Surface impedance and optimum surface resistance of a superconductor with imperfect surface

TL;DR

This paper models the low-frequency surface impedance of imperfect superconducting surfaces, revealing how surface modifications can optimize and reduce surface resistance, crucial for superconducting device performance.

Contribution

It introduces a self-consistent calculation of surface impedance considering surface imperfections, showing how to engineer surface states to minimize losses in superconductors.

Findings

Imperfect surfaces cause non-exponential temperature dependence of surface impedance.

Surface resistance can be minimized by engineering surface density of states.

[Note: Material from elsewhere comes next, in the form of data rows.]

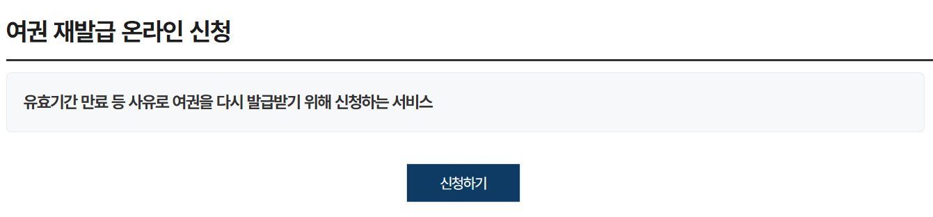 - 여권 유효기간 만료로 인해 재발급이 필요한 경우
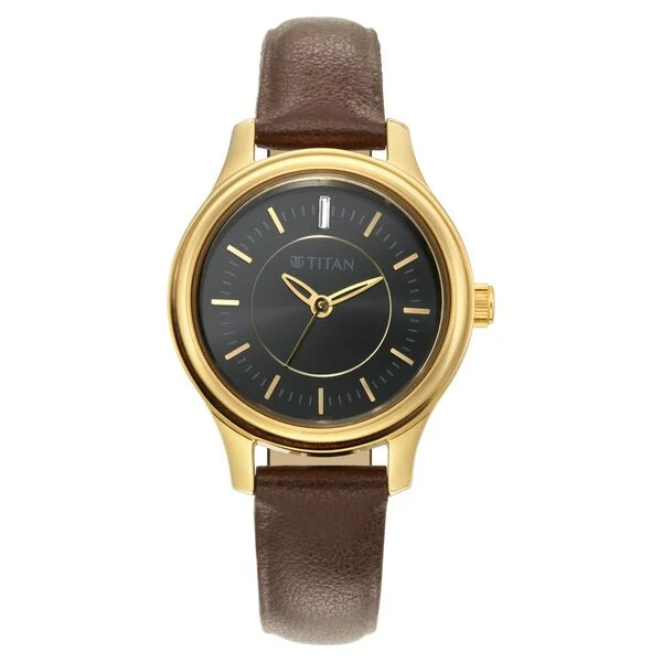 Titan Quartz Analog Black Dial Leather Strap Watch for Women
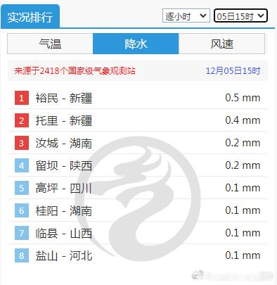 【干燥少雨】今天13-20时的逐小时降水榜,连续8个时次均不到10个站上榜,甚至17时、18时、20时,都只有3个站点上榜,凑不齐一桌麻将,只能斗地主了。干燥少雨的情况要等到12月中旬,才会有变化。
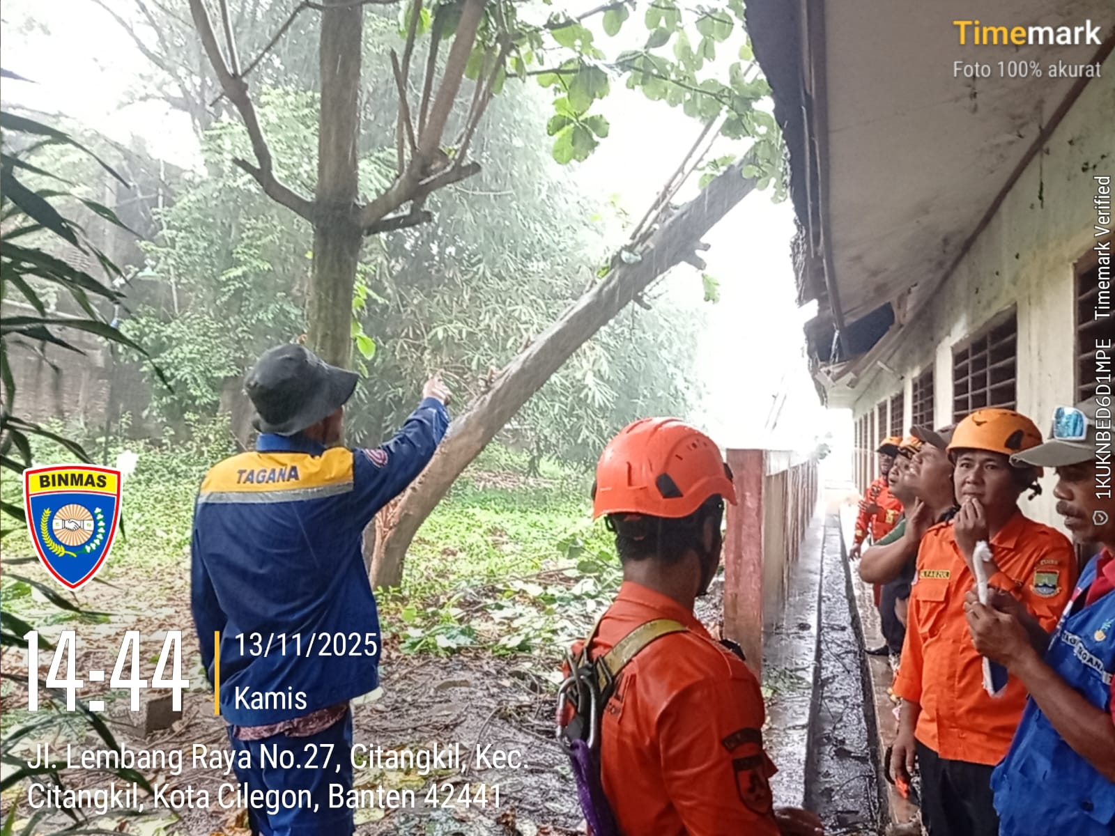 Cilegon -  Pohon ketapang tumbang dan menimpa gedung SDN Tegal Cabe, Lingkungan Tegal Cabe RT 04/02, Kelurahan Citangkil, Kecamatan Citangkil, Kota Cilegon, Kamis (13/11/2025).

Surface modifications can reduce residual resistance below ideal surface levels.

Abstract

We calculate a low-frequency surface impedance of a dirty, s-wave superconductor with an imperfect surface incorporating either a thin layer with a reduced pairing constant or a thin, proximity-coupled normal layer. Such structures model realistic surfaces of superconducting materials which can contain oxide layers, absorbed impurities or nonstoichiometric composition. We solved the Usadel equations self-consistently and obtained spatial distributions of the order parameter and the quasiparticle density of states which then were used to calculate a low-frequency surface resistance $R_s(T)$ and the magnetic penetration depth $\lambda(T)$ as functions of temperature in the limit of local London electrodynamics. It is shown that the imperfect surface in a single-band s-wave superconductor results in a non-exponential temperature dependence of $Z(T)$ at $T\ll T_c$ which can mimic the behavior of multiband or d-wave superconductors. The imperfect surface and the broadening of the gap peaks in the quasiparticle density of states $N(\epsilon)$ in the bulk give rise to a weakly temperature-dependent residual surface resistance. We show that the surface resistance can be optimized and even reduced below its value for an ideal surface by engineering $N(\epsilon)$ at the surface using pairbreaking mechanisms, particularly, by incorporating a small density of magnetic impurities or by tuning the thickness and conductivity of the normal layer and its contact resistance. The results of this work address the limit of $R_s$ in superconductors at $T\ll T_c$, and the ways of engineering the optimal density of states by surface nano-structuring and impurities to reduce losses in superconducting micro-resonators, thin film strip lines, and radio frequency cavities for particle accelerators.